Each spring, we here at About Pagan/Wiccan get numerous emails from Pagans who wonder if there's something special they need to do while their friends and family members are all getting ready to observe Lent.

A reader asks, "I'm trying to figure out what to give up for Lent. I'm a Pagan, so it's kind of hard for me to decide. Do you have any suggestions?"

Yes. If you're Pagan, a good suggestion would be to not even worry about Lent.

Here's the thing - it's a Christian holiday, and the notion of giving things up for it is unrelated to any Pagan spirituality. Lent is a forty-day period of preparation before Easter, and the whole "giving stuff up" bit is in honor of the death and sacrifice of Jesus Christ. There's also an aspect of repenting that's included in some denominations of Christianity.

If you're not Christian, you're not obligated to observe this season at all. It's a bit like worrying about what color candles to put in your Passover display -- if it doesn't apply to your religion, it doesn't much matter.

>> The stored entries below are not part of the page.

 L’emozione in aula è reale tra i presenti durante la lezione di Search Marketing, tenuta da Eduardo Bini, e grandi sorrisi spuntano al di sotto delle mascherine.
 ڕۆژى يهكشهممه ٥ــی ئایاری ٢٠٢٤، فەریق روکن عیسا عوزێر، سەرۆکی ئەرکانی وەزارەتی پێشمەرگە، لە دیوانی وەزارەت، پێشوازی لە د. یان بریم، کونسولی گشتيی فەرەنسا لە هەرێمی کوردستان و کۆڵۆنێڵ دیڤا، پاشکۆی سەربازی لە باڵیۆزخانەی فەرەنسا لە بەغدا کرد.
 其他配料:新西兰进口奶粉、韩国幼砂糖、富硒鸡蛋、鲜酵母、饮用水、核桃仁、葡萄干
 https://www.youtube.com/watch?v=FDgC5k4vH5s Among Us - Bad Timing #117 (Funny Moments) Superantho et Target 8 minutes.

If you want to give something up for forty days, have at it. There were a number of pre-Christian cults that embraced the notion of abstaining from something you like for a designated period of time, whether it's chocolate, sex, or endless reruns of Firefly. It would make more sense, though, if you don't refer to it as your Lenten sacrifice, because it's something else entirely.

What that something is, though, is a personal choice.

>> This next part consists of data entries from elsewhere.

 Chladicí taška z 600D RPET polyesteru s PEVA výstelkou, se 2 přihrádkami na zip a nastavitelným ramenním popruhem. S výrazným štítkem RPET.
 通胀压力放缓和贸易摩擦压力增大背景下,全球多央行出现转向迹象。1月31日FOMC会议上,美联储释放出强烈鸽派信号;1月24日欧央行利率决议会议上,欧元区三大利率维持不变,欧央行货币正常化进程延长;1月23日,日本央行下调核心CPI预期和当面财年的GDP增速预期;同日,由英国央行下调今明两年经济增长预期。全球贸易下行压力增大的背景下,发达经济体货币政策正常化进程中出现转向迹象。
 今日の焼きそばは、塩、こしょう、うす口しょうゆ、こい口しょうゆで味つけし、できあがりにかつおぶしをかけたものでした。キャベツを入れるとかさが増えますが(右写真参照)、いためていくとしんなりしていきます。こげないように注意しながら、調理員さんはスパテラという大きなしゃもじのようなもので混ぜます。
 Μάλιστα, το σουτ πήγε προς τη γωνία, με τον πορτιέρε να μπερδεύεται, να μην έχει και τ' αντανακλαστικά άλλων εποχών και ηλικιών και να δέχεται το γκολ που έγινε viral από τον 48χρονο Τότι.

Several of our readers have had suggestions as well, and we've asked them to chime in.

Nikole says: I usually give up something for Lent. I was never Catholic, I was raised Baptist. Pagan now, and I still feel that giving up something for Lent is a good idea. More of a spiritual thing, like fasting for the soul. Sometimes it’s a certain food, like soda, or sometimes it’s trying to purge myself of something I shouldn’t be doing. It just gives me a set date, which makes it easier.

Stella sees it as a time of cleansing, and says: I’ve heard arguments that food-based restrictions, esp. on fat and sugar, were a good thing to do at the end of a long winter when there was little access to fresh greens. It was a way to cleanse the liver and the system in general. One of the first herbs to be available in spring is the dandelion, another cleansing herb good for the liver and digestion. So the common sense practice of cleansing gets ritualized as part of the height of the Christian ritual celebration. It actually makes a lot of sense.

Reader Cami looks at it as a time of spring cleaning: I use New Years resolution time and Lent time to reflect on ways to improve myself in the coming year. I will use that time to try and develop new good habits or discard bad habits. I figure forty days is a good time period to do so. I see it as “spring cleaning” for myself.

Wiccan reader Missi says: In our house Lent is an observation of self control and a chance to break a bad habit if needed, also an appreciation for the things that we love but don’t really need. All in all a celebration of humility to one’s self and it reminds us of our strength in spirit.